Available records START

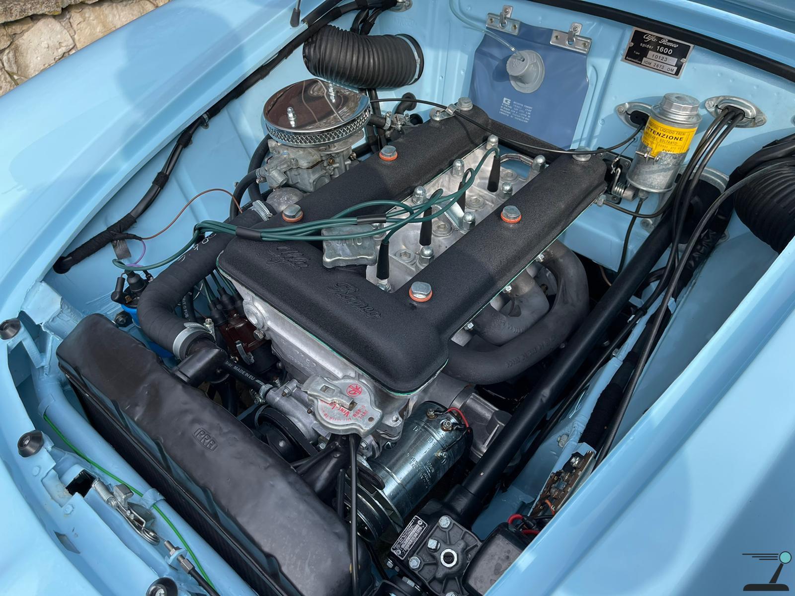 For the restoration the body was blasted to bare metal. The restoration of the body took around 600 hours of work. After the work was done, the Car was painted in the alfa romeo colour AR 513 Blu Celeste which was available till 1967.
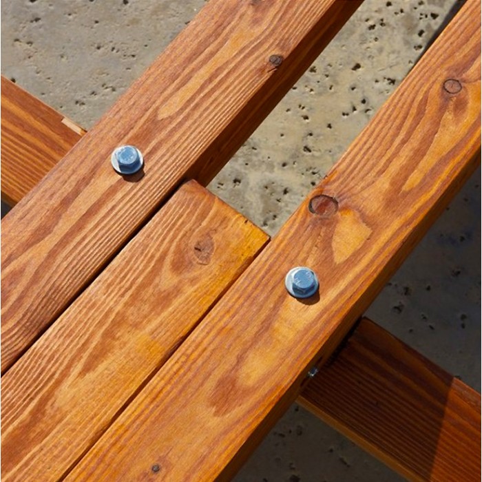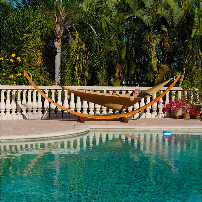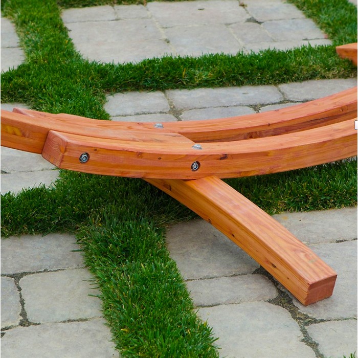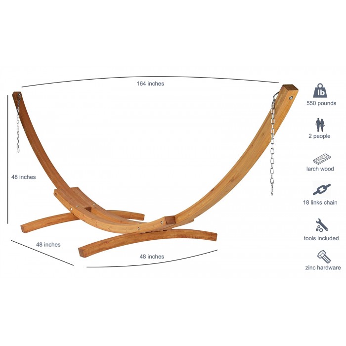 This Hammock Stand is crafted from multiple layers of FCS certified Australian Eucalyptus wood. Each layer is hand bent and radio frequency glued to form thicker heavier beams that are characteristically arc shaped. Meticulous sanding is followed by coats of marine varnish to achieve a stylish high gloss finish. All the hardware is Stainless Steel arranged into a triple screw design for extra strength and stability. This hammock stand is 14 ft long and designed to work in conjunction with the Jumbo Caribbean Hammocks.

Available records END
Available records START

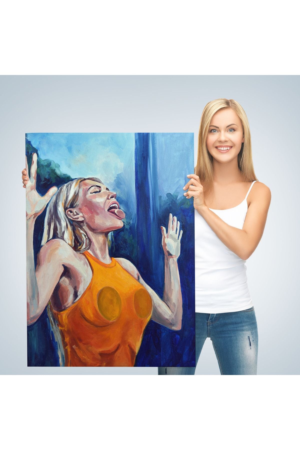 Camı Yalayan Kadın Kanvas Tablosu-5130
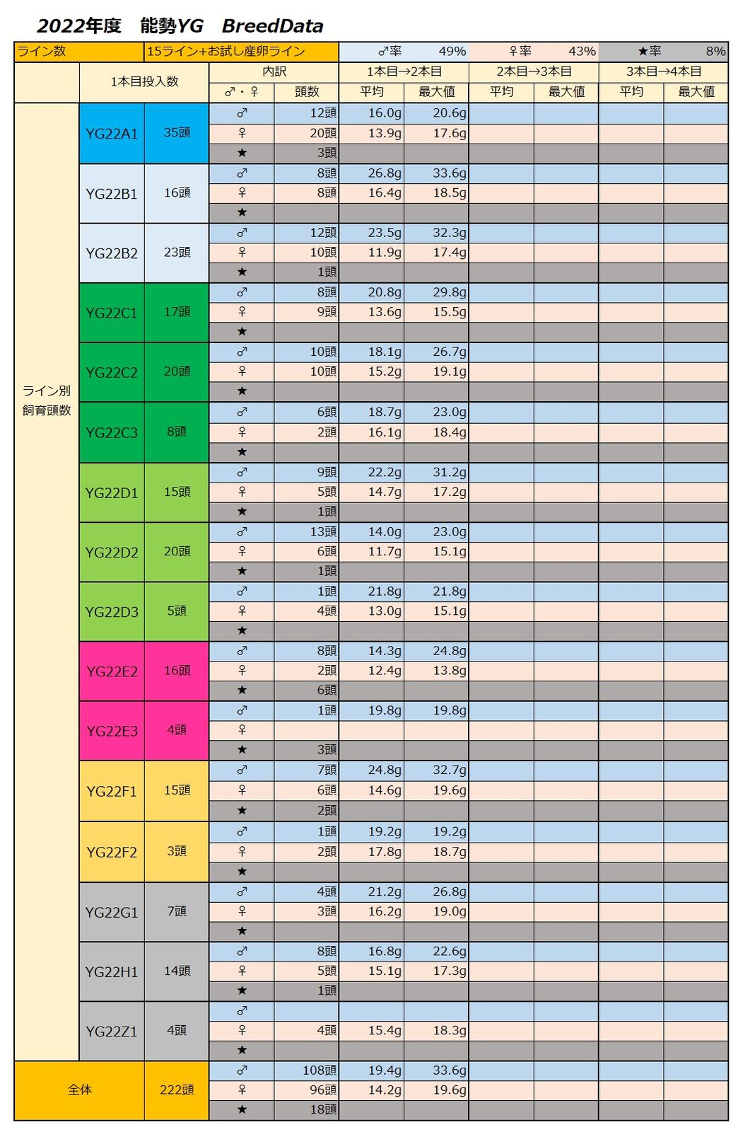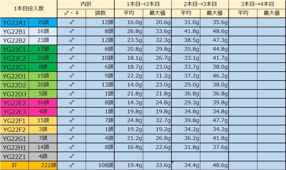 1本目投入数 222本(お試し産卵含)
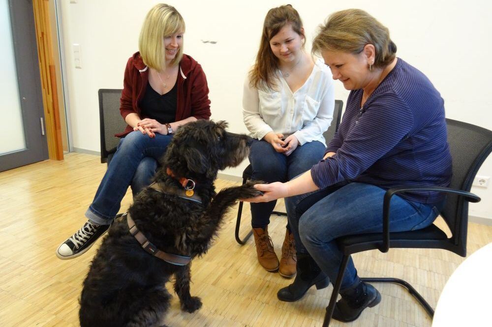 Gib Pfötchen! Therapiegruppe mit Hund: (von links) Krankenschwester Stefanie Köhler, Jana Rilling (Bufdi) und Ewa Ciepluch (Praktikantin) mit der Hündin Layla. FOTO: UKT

Available records END

For the material above, give again only the lines starting at the line that contains "1本目投入数 222本(お試し産卵含)" and ending at the line that contains "Gib Pfötchen! Therapiegruppe". Pictures do not belong in the copy.

# Result of the exercise
 1本目投入数 222本(お試し産卵含)
 Gib Pfötchen! Therapiegruppe mit Hund: (von links) Krankenschwester Stefanie Köhler, Jana Rilling (Bufdi) und Ewa Ciepluch (Praktikantin) mit der Hündin Layla. FOTO: UKT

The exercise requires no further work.